2006
Written and Directed by Michel Gondry
Starring Gael Garcia Bernal and Charlotte Gainsbourg
Michel Gondry has had one of the most remarkably well-respected career of any young director in recent memory. With only one successful film so far (the brilliant Eternal Sunshine of the Spotless Mind), Gondry has already become a director who is A-listed among cinema freaks, and he's getting more well-known among the majority of people who don't care who directed these things in the first place. This could be a good sign, as the more popular a name gets, the more likely that name is going to get the money and the freedom to make the sort of films they want to make.

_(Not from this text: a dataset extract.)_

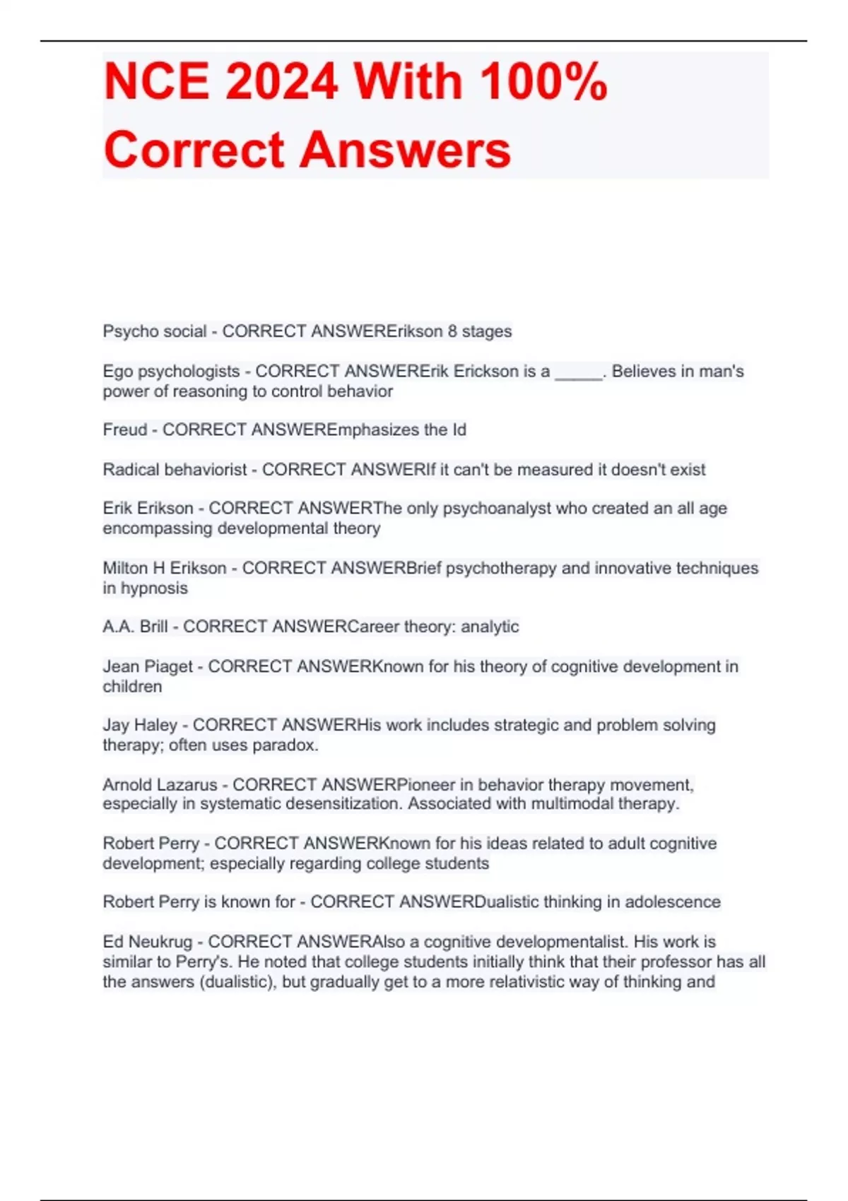 Psycho social - CORRECT ANSWERErikson 8 stages Ego psychologists - CORRECT ANSWERErik Erickson is a _____. Believes in man's power of reasoning to control behavior Freud - CORRECT ANSWEREmphasizes the Id Radical behaviorist - CORRECT ANSWERIf it can't be measured it doesn't exist Erik Erikson - CORRECT ANSWERThe only psychoanalyst who created an all age encompassing developmental theory Milton H Erikson - CORRECT ANSWERBrief psychotherapy and innovative techniques in hypnosis A.A. Brill - CORRECT ANSWERCareer theory: analytic Jean Piaget - CORRECT ANSWERKnown for his theory of cognitive development in children Jay Haley - CORRECT ANSWERHis work includes strategic and problem solving therapy; often uses paradox. Arnold Lazarus - CORRECT ANSWERPioneer in behavior therapy movement, especially in systematic desensitization. Associated with multimodal therapy. Robert Perry - CORRECT ANSWERKnown for his ideas related to adult cognitive development; especially regarding college students Robert Perry is known for - CORRECT ANSWERDualistic thinking in adolescence Ed Neukrug - CORRECT ANSWERAlso a cognitive developmentalist. His work is similar to Perry's. He noted that college students initially think that their professor has all the answers (dualistic), but gradually get to a more r
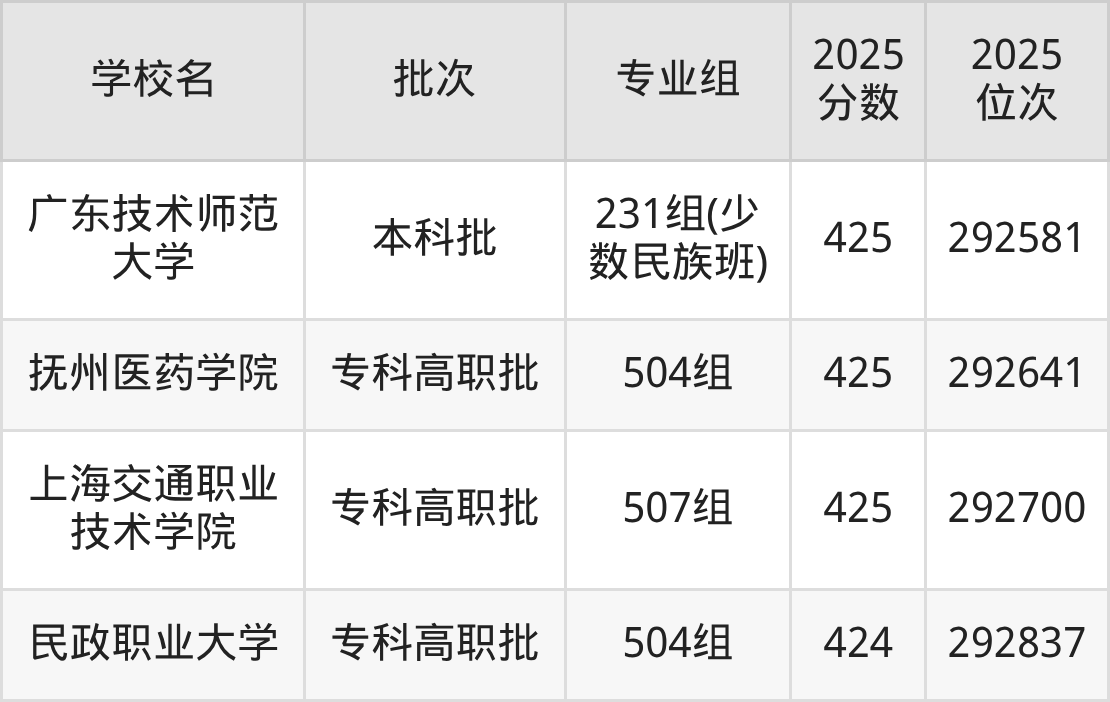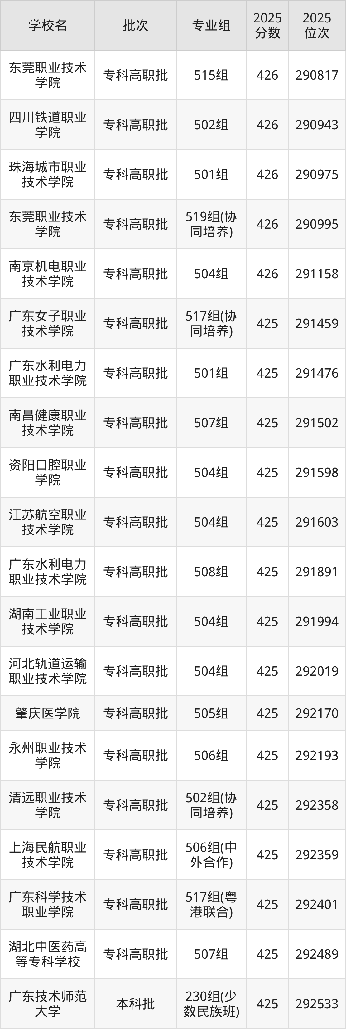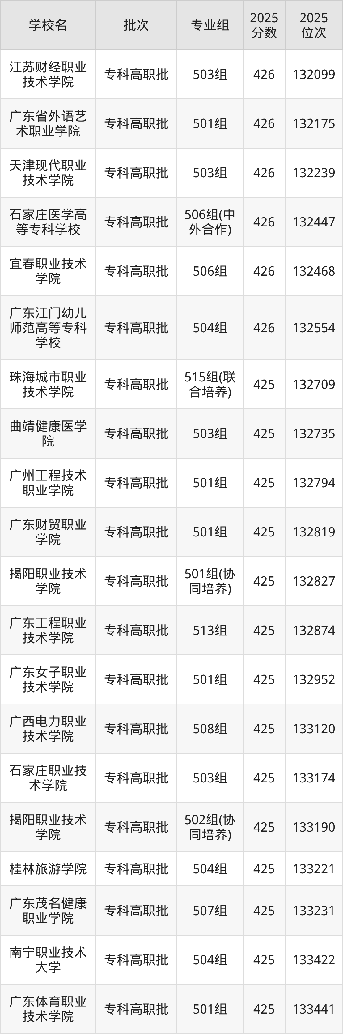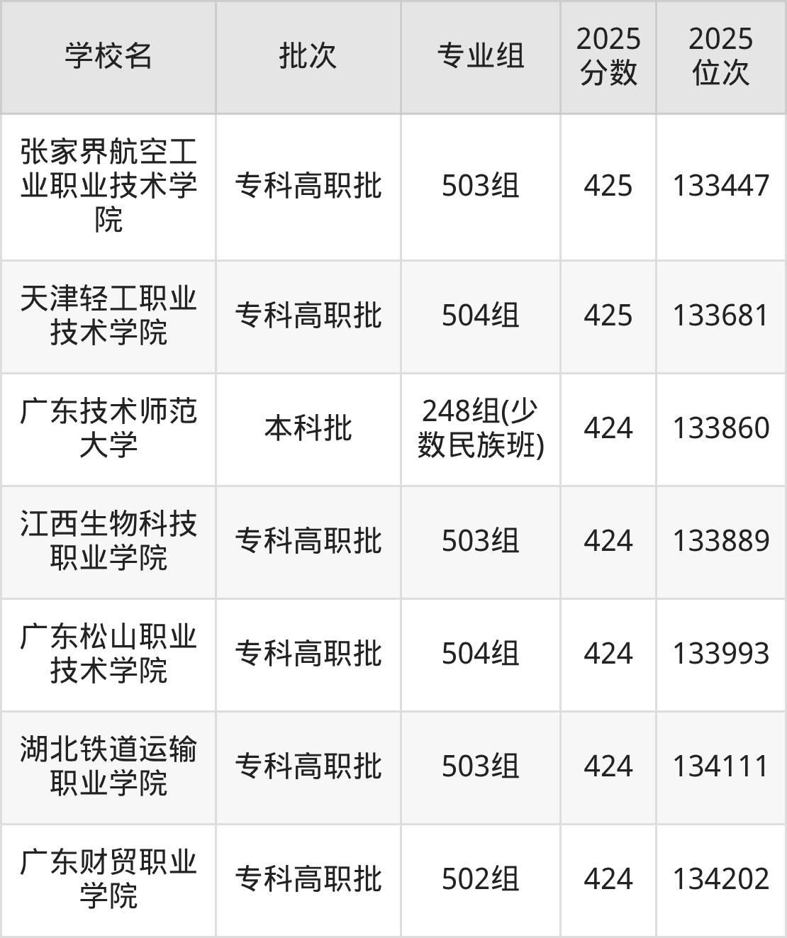 2025年广东高考历史类425分(132595名~133714名)能上的大学有石家庄职业技术学院503组、南宁职业技术大学504组、桂林旅游学院504组、广东体育职业技术学院501组等。

The history of film is rife with stories of filmmakers losing control of their work to studios, and the recent years are full of movies that are written and produced by committees, with directors relegated to the seat of a hanger-on. If one believes, as the Factual Opinion does, that the true artistry and potential of film is most realized when there are fewer cooks in the kitchen; than one can celebrate the fact that through the spread of DVD's, a cheap and easily available way for unknown films to create their own audience has beget an appetite for quality in film that remains unsated by films like The Covenant, Spanglish and the like. While it's certainly improbable that the next few years will resemble the creative freedom of the 70's, when directors previously enjoyed big budgets and big stars to make art films, small studio outlets, limited releases and DVD profits have made it much more attractive for directors like Steven Soderbergh, Michael Haneke and, yes, Michel Gondry to turn down studio scripts in favor of controlling their own artistic output.
What does this have to do with a movie about dreams, featuring the the up and coming superstar Gael Garcia Bernal? The Science of Sleep is just a movie after all, regardless of whatever movement or sea change it may represent, and whether it's any good should determine it's reception; not whether or not it's a sign that better movies are coming.
The truth is that Sleep isn't that good of a movie. It's ridiculously creative in moments, funny in others and irritating in the rest. Following around an oddly immature young man as he attempts, vainly and pathetically, to win the heart of his next door neighbor while also immersing itself, almost completely, in the young man's dreams: well, that's the sort of thing that Gondry would excel at. He does--by halves. The portions of the movie that take place in Bernal's mind are quirky little scenes, most of which are really interesting and unlike anything else (except for Gondry's previous work.) The scenes that are set in the real world are anything but--it's almost as if Gondry reworked portions of Eternal Sunshine or Human Nature and recast them. Although Bernal's, and his ridiculously cliched (yet hilarious) co-star Alain Chabat, that redeems these scenes--but not because he's a brilliant actor, no, but because his natural charisma and ferocious good looks make him impossible to hate. We should hate him--he is, after all, one of the most infantile leading men in any movie since Forrest Gump--but we don't, because he's Gael Garcia Bernal. It's a touching performance, sadly used to prop up a movie that consists of little but brilliant shots and a dull, overly sentimental script.